Within the week-long event, the secrets of successful project management were discussed, and the importance of appropriate staffing and negotiation techniques.
The entrepreneurship success story of Raspberry Pi revealed how developments in research are transformed into successful marketable products and how to develop a commercially sustainable product in a competitive environment. A great challenge for the early stage researchers was to prepare short pitches presenting their research projects to an expert panel, with the aim of attracting investor attention.
All topics were presented by experienced professionals, entrepreneurs and technology-transfer experts, and participants enjoyed the networking opportunities on offer. The next HEPTech symposium will be held in June 2018 at the extreme light source ELI-ALPS in Szeged, Hungary.
Joint CAS and MAX IV lab course
The CERN Accelerator School (CAS) and MAX IV Laboratory jointly organised a specialised course on vacuum for particle accelerators in Glumslov, Sweden from 6–16 June. The course attracted 80 participants of 27 nationalities, comprising 30 hours of lectures and 17 hours of practical tutorial work. Lectures covered material properties, impedance and instabilities, gauges and pumps, surface properties and treatments, beam-induced effects, computational techniques and controls, manufacturing and acceptance, and a look to the future. The practical work included hands-on experience of impedance calculations, residual gas analysis and leak-detection techniques. An advanced accelerator-physics course will be held in the UK in late summer and a joint accelerator school on radio-frequency technologies will be held in Kanagawa, Japan, from 16–26 October. Pictured are CAS participants touring the new MAX IV storage ring.

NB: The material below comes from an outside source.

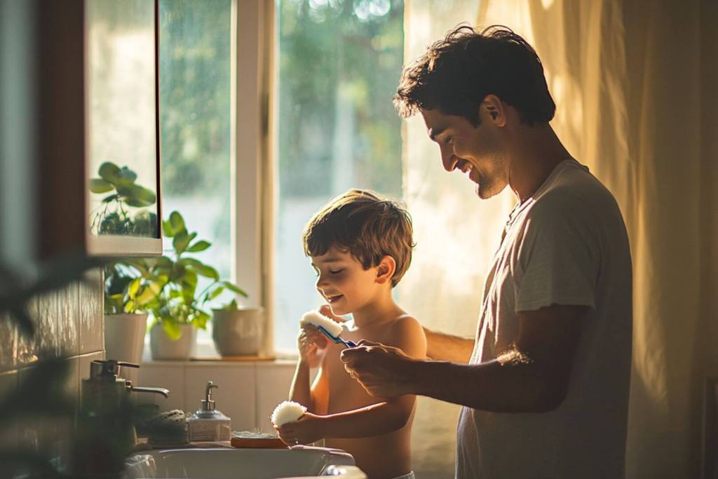 Un padre se afeita con su hijo. Encuesta demuestra que a los padres les sigue costando abordar la pubertad (Midjouney- RG)

Prime minister of Montenegro Duško Marković came to CERN on 7 July. He visited the underground area at CMS, during which he signed a memorandum of understanding between Montenegro and CERN with CERN director for research and computing Eckhard Elsen (pictured right).
On 14 July, Monique T G van Daalen, ambassador of the Netherlands to the United Nations Office, visited CERN. Before signing the guestbook with CERN Director-General Fabiola Gianotti and president of the CERN Council Sijbrand de Jong (pictured), she visited the Antiproton Decelerator and ATLAS.
Mukhtar Ahmed, chairman higher education commission of Pakistan, pictured with Christoph Schäfer of CERN after signing the guestbook. During the 17 July visit, he took in the synchrocyclotron, ALICE, IdeaSquare, S’Cool LAB and CMS.
Monsieur Henri-Michel Comet, préfet de la région Auvergne-Rhône-Alpes, France, was at CERN on 20 July, during which he visited the synchrocyclotron and CMS, and signed the guestbook in the presence of CERN Director-General Fabiola Gianotti.